Austin was born in Duncan, Oklahoma. He received a bachelor's (Music Education, 1951) and master's degree (Music, 1952) from University of North Texas College of Music.[4] In 1955 he studied at Mills College, and from 1955 to 1958 he engaged in graduate study at the University of California, Berkeley, leaving to accept a faculty position at the University of California, Davis. Austin studied with Canadian composer Violet Archer at the University of North Texas,[5] French composer Darius Milhaud at Mills College,[6] and with American composer Andrew Imbrie at the University of California, Berkeley.[7]

Teaching career[edit]

Austin taught at the University of California, Davis from 1958 till 1972 rising from assistant professor to full professor. While at the University of California, Davis, he founded the improvisational New Music Ensemble. In 1972 he accepted a position at the University of South Florida, where he taught until 1978. In that year he returned to Texas, teaching at his alma mater, the University of North Texas, from 1978 until 1996 when he was named professor emeritus.[8] His notable students include William Basinski, Dary John Mizelle and Rodney Waschka II.

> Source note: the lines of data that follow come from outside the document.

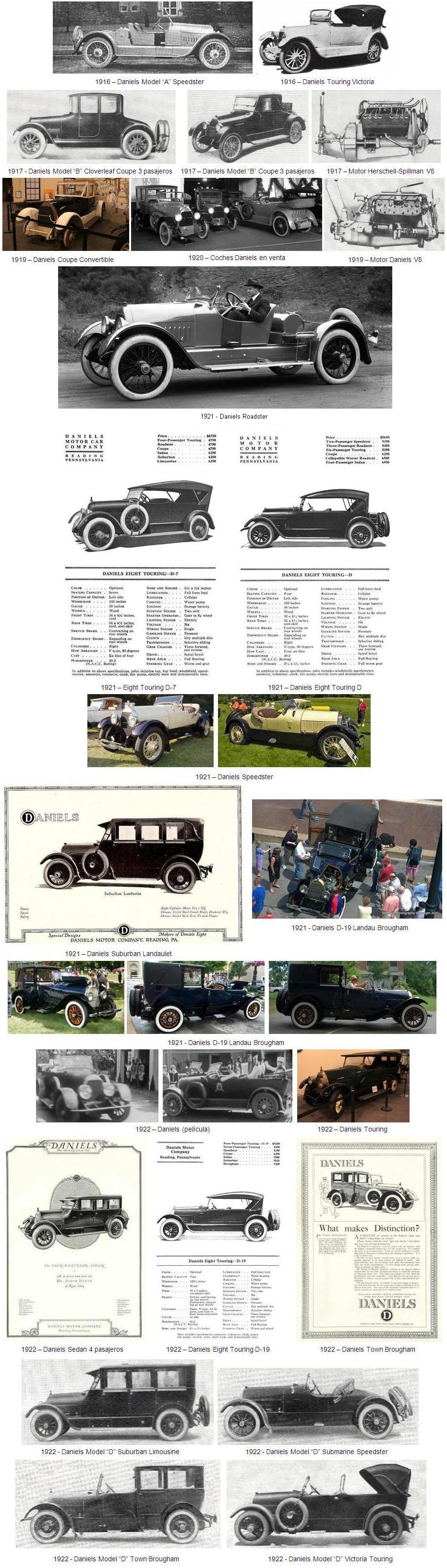 En 1921 el modelo “D” de Daniels, también se ofreció con siete estilos diferentes de carrocería; Touring de 4 pasajeros (5.689 dólares), Speedster de 2 pasajeros (5.350 dólares), Roadster de 3 pasajeros (5.350 dólares), Touring de 6 pasajeros (5.350 dólares), Coupe de 3 pasajeros (6.250 dólares), Roadster y Winter plegable (6.500 dólares) y Sedán de 4 pasajeros (6.950 dólares).
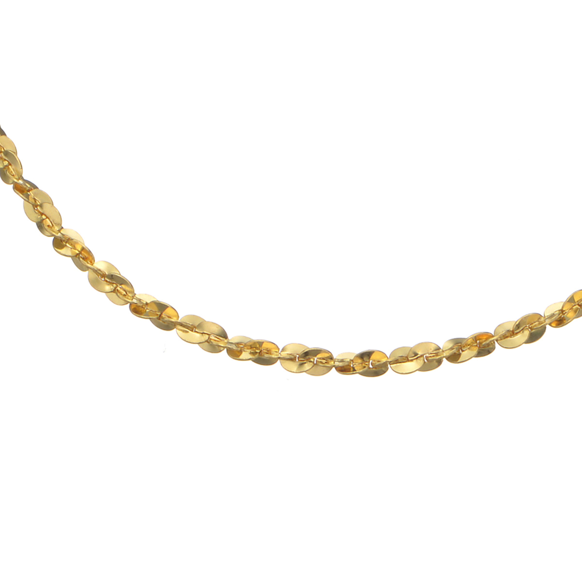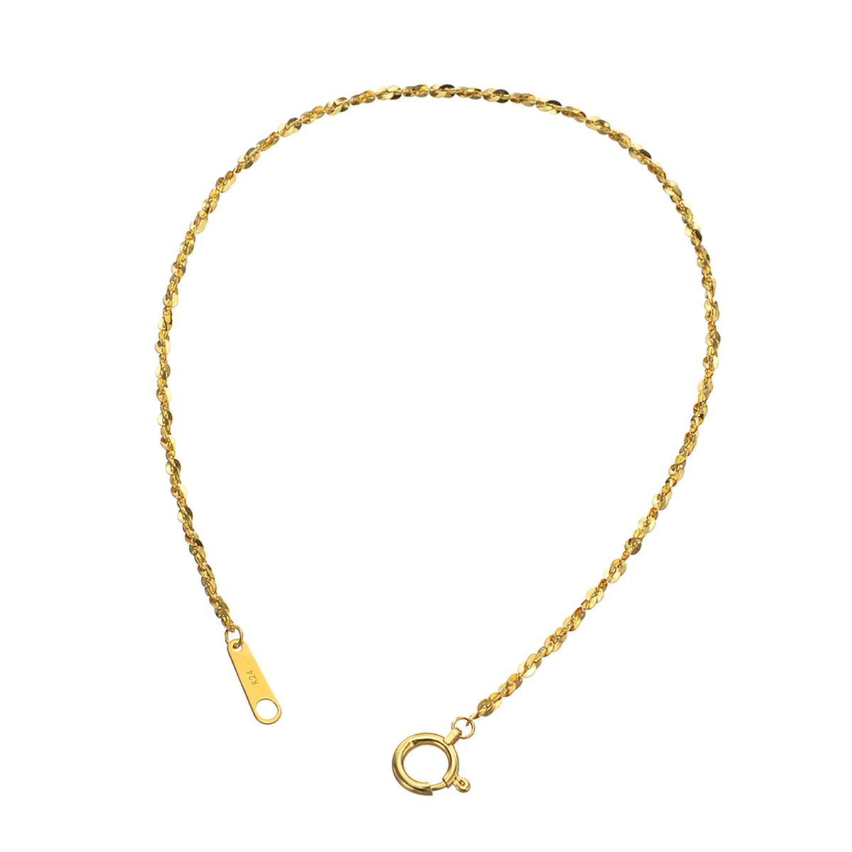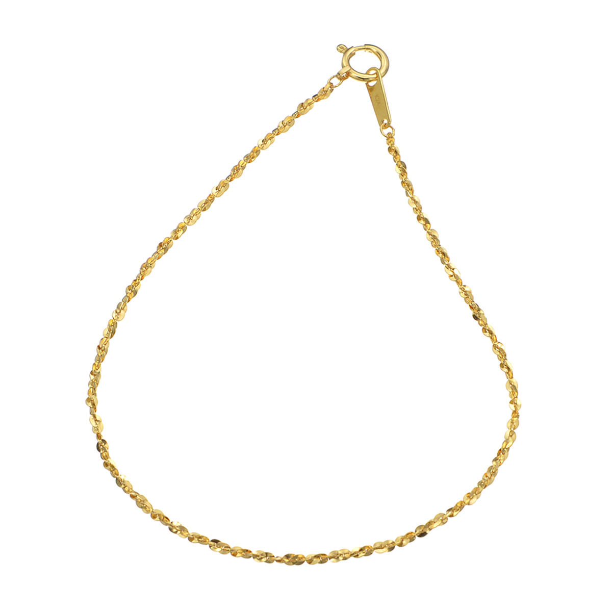 アズキチェーンをベースにプレス&ひねりの加工を施し、より強い光沢感が楽しめる鏡面仕上げのチェーンブレスレットに。一つ一つのコマの面が広く、更にヒネリを加えることで、流れるような光の煌めきを表現しました
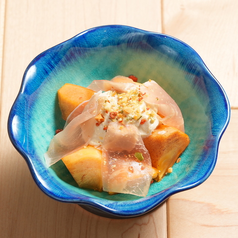 一度食べたら忘れられない!創作和食の粋を集めた「マンゴーと生ハムの白和え」。濃厚なマンゴーの甘味、生ハムの芳醇な塩気、そしてなめらかな白和え衣のバランスが絶妙。日本酒にもワインにも合う、大人のための極上おつまみです。この驚きの組み合わせをぜひご賞味ください。
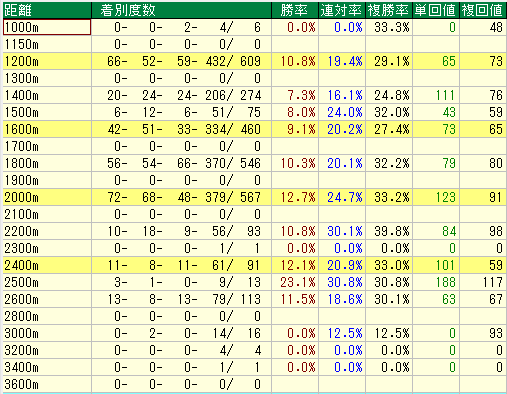 • ブロガー解説: 複勝率は32.0%と高めに見えますが、回収値が単複ともに壊滅的です。「人気馬で掲示板には乗るが、配当的には全く美味しくない」という、馬券購入者泣かせの距離設定になっています。
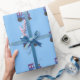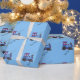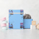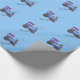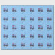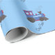Um design bonitinho com pouca escolta treina em cores brilhantes com uma fumaça saindo do topo. Um fundo azul macio.
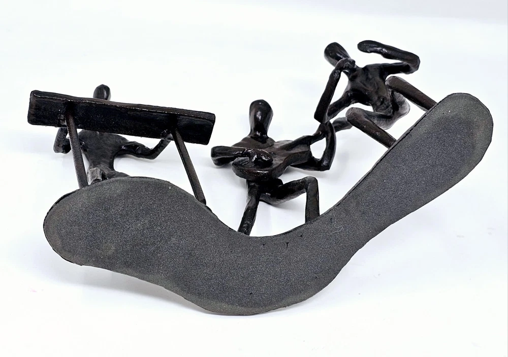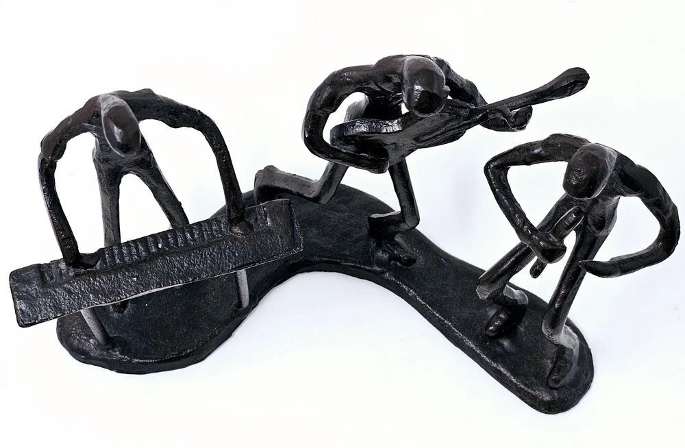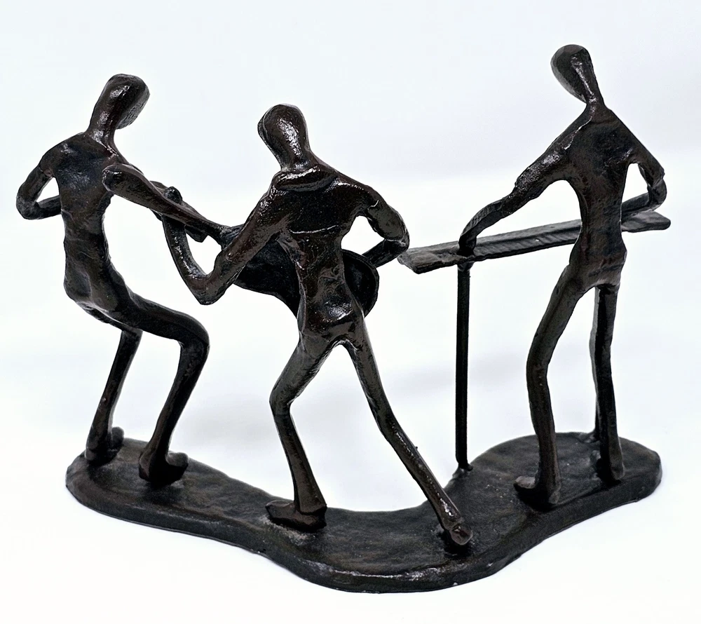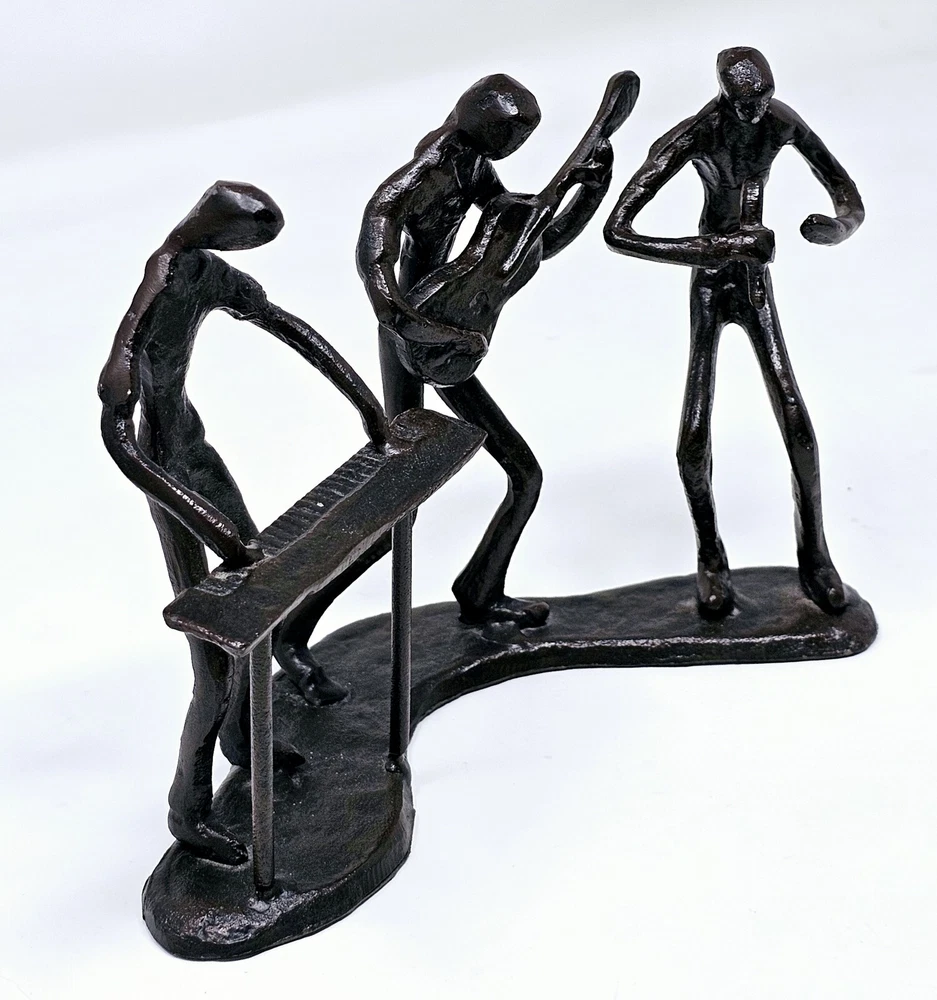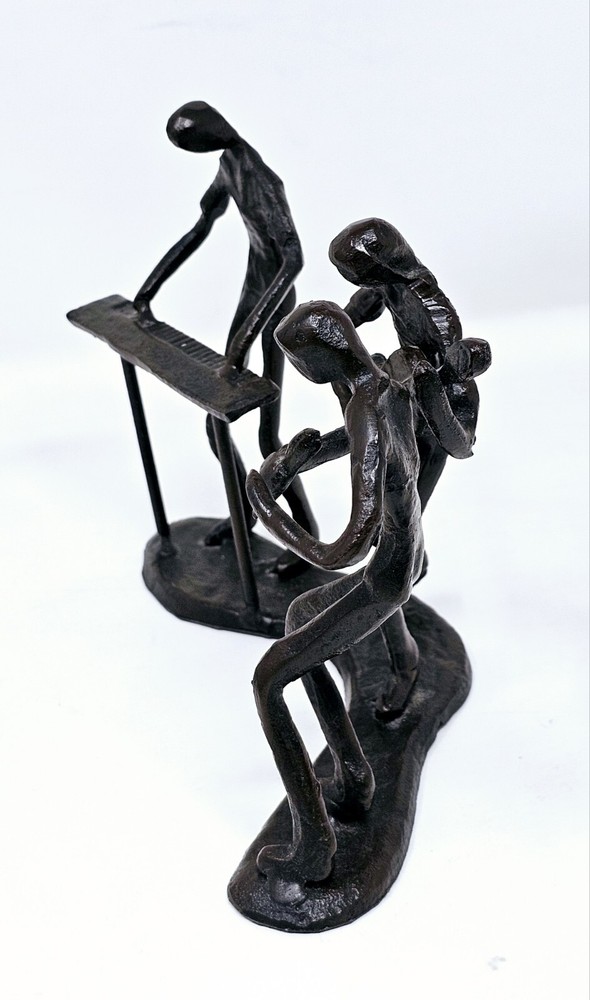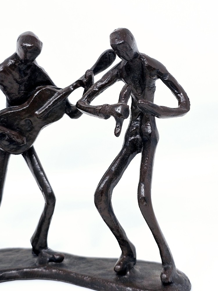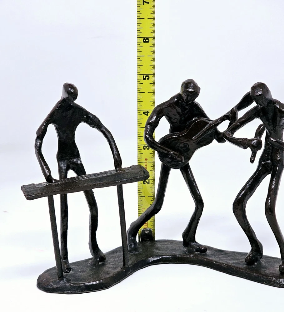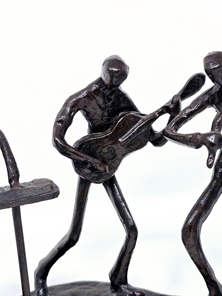 Great condition, no damage seen. Bottom has a protective cloth to prevent scratching on surfaces. This stunning sculpture is a must-have for any art lover or music enthusiast. Crafted from high-quality bronze, this small statue captures the essence of a guitar player, pianist, and singer in a brutalist style that is both unique and striking. Measuring 5 inches in height and 7 inches in length, this sculpture is perfect for display in any space. The intricate details and impressive artistry of this piece make it a true collector's item. Whether you're looking to add to your collection or simply want to enjoy the beauty of this sculpture, it's sure to impress. So why wait? Add this remarkable piece to your collection today!
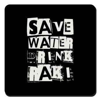 Save Water, Drink RAKI, Τετράγωνο μαγνητάκι ξύλινο 9x9cm
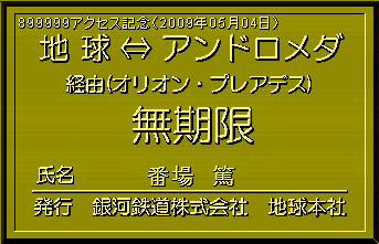 当社創立(1997年8月23日)以来、2009年05月04日で、899999アクセスを突破しました。見事記念すべき899999人目の方は、番場 篤さんでした。当社より記念の限定パス(名前入り)を発行し、ここに当社が倒産しない限り永久に展示いたします。
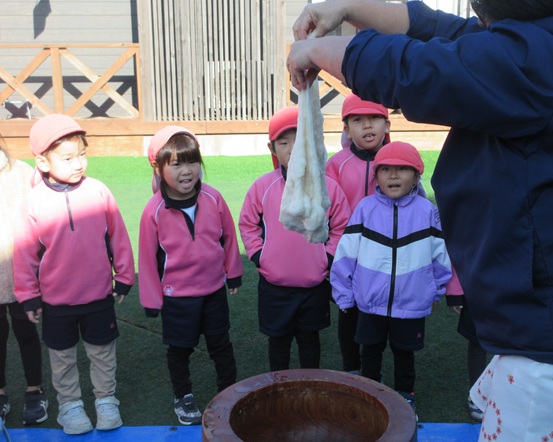 みんなでついたお餅はさくら組さんが鏡餅にしてくれました。
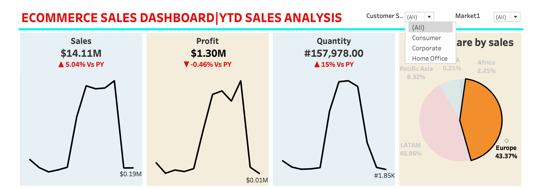 The company needed a data-driven performance monitoring tool to evaluate year-to-date (YTD) sales, profit, and quantity trends across global markets and product categories.

Austin received early recognition for his instrumental and orchestral works and of those pieces, Improvisations for Orchestra and Jazz Soloists, was performed and recorded by the New York Philharmonic under Leonard Bernstein.[9] Other orchestral works of special note include Charles Ives's Universe Symphony, "as realized and completed by Larry Austin" (1974–93) for large orchestra,[10] and Sinfonia Concertante: A Mozartean Episode [11] (1986) for chamber orchestra and tape. Chamber works with particularly significant computer music/electro-acoustic music aspects include Accidents [12] for electronically prepared piano (1967), written for David Tudor, Canadian Coastlines: Canonic Fractals for Musicians and Computer Band [13] for eight musicians and tape from 1981, and BluesAx for saxophonist and tape (1995), which won the Magisterium Prize, at Bourges in 1996.[14] BluesAx has been recorded by Steve Duke.[15] Later work included John Explains... (2007) for octophonic sound,[16] based on a recording of an interview with John Cage. John Explains... was premiered at the 2008 North Carolina Computer Music Festival.[17] At the CEMI Circles festival, Austin's 2013 piece, Suoni della Bellagio—Sounds and sights of Bellagio, July–August, 1998 for video and two-channel tape was premiered.[18]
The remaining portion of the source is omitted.